How we have progressed


stilleatingoranges:

As George Orwell’s famous maxim goes, “Who controls the past controls the future; who controls the present controls the past”. Unless one accepts the most bizarre and nihilistic conclusions of Nietzschean logic, one must grant at least a moderate version of Orwell’s point. Consider first that we are what we repeatedly do; and that our possible actions are limited by our environments. That is, one could not have become a film director in the 17th century. Further, our environments are, in large part, shaped by culture and tradition—by the ways of living and thinking that have been passed down to us via record and memory. The past, by way of culture and tradition, thus sets out most of our possible choices ahead of time. To give a concrete example, most Westerners are raised in the tradition of the three-act plot structure, which determines our options and thereby influences our future output.

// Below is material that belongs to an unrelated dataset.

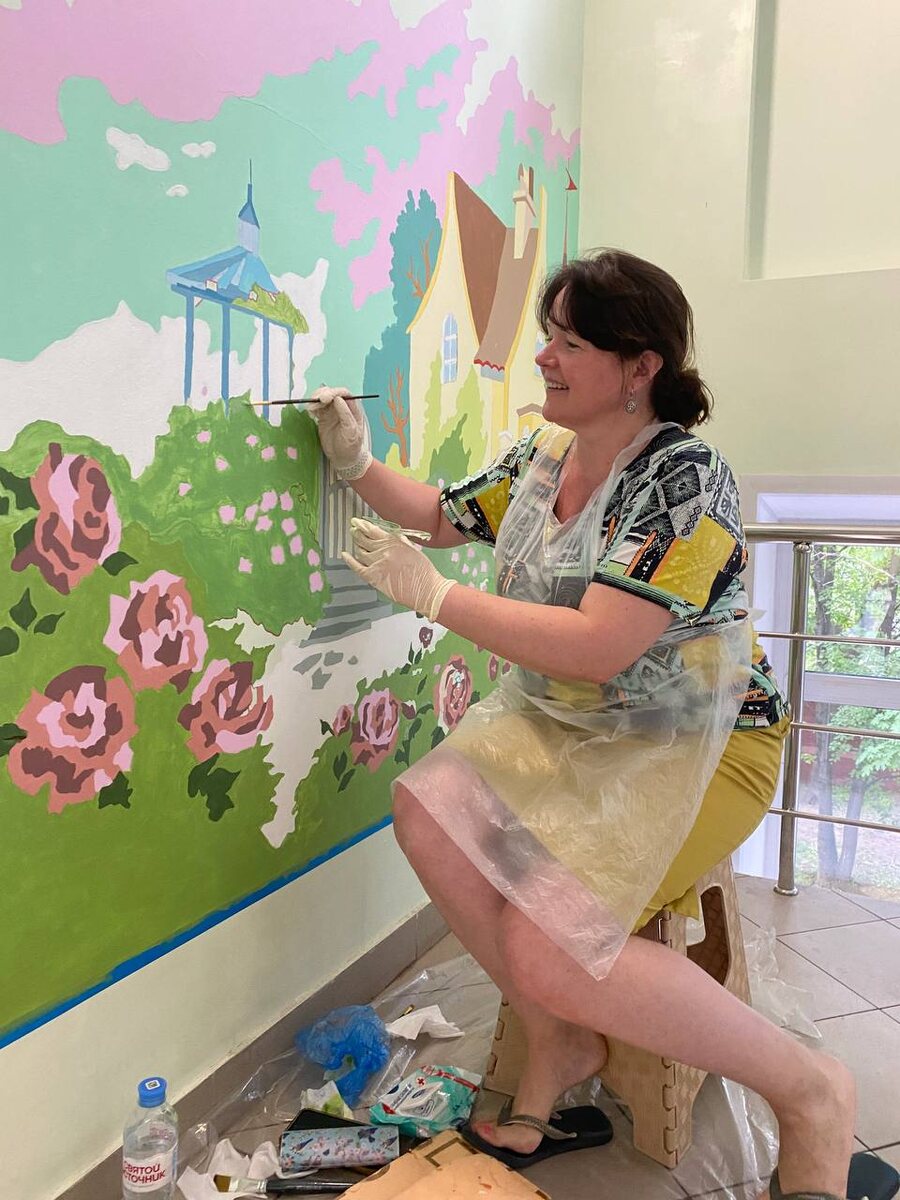 Сегодня вместе с волонтёрами проекта «Весёлый коридор» расписывали стены в больнице им

Although this train of thought can lead to a kind of historical fatalism, we need not endorse such extremes in order to acknowledge common sense: we can only choose what is available to choose. Our understanding of the past shapes us, for good and for ill, by shaping our knowledge of what may be chosen. One of the more terrifying examples of this process in Nineteen Eighty-Four is the Newspeak project, by which the Party gradually removes the possibility of dissent from language itself. The omnipotent state remains an impossible fiction; but cruder siblings of Newspeak—related to body image and consumerism, for example—exercise an insidious control over the day-to-day lives of most Westerners. Perhaps the deadliest and most intractable of these is the idea of progress.